> **DATASET SECTION**:
※ ※ ※

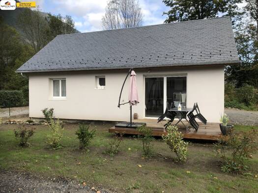 Maison de plain-pied à louer à Juzet-de-Luchon, disponible dès avril. Surface d'environ 58,42 m² avec cuisine ouverte sur séjour, deux chambres, salle d'eau, WC séparé et cellier. Terrasse, jardin et...
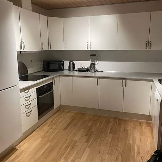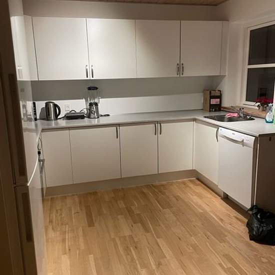 Really nice open-plan kitchen/living area that makes it possible to cook while communicating with those in the living room. There is a nice playground nearby. A shed is included and there is also a small loft/attic storage space. There is the option to park a car in front of your townhouse; otherwise there is communal parking. Info: Advance payments are settled directly with the utility companies.
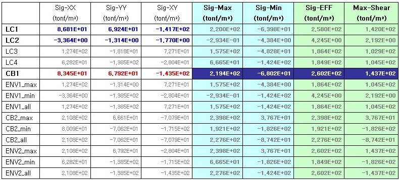 ☞ CB2_max = CB1+ENV1_max CB2_min = CB1+ENV1_min CB2_all = CB1+ENV1_all a. Based on the stresses of CB2_max, CB2_min and CB2_all for each stress component, Sig-Max, Sig-Min, Sig-EFF and Max-Shear are recalculated. b. CB2 load combination includes Envelope type load combinations, but it is an Add type load combination. First, calculate the sum of the stresses of all load cases for each stress component and recalculate the principal stress, effective stress, etc based on the sum of the stresses for each stress component.

※ ※ ※

> **TASK DESCRIPTION**:
Retype only the lines above from the one with "Really nice open-plan" through the last, both ends included, keeping every picture out of the copy.

> **TASK SOLUTION**:
 Really nice open-plan kitchen/living area that makes it possible to cook while communicating with those in the living room. There is a nice playground nearby. A shed is included and there is also a small loft/attic storage space. There is the option to park a car in front of your townhouse; otherwise there is communal parking. Info: Advance payments are settled directly with the utility companies.
 ☞ CB2_max = CB1+ENV1_max CB2_min = CB1+ENV1_min CB2_all = CB1+ENV1_all a. Based on the stresses of CB2_max, CB2_min and CB2_all for each stress component, Sig-Max, Sig-Min, Sig-EFF and Max-Shear are recalculated. b. CB2 load combination includes Envelope type load combinations, but it is an Add type load combination. First, calculate the sum of the stresses of all load cases for each stress component and recalculate the principal stress, effective stress, etc based on the sum of the stresses for each stress component.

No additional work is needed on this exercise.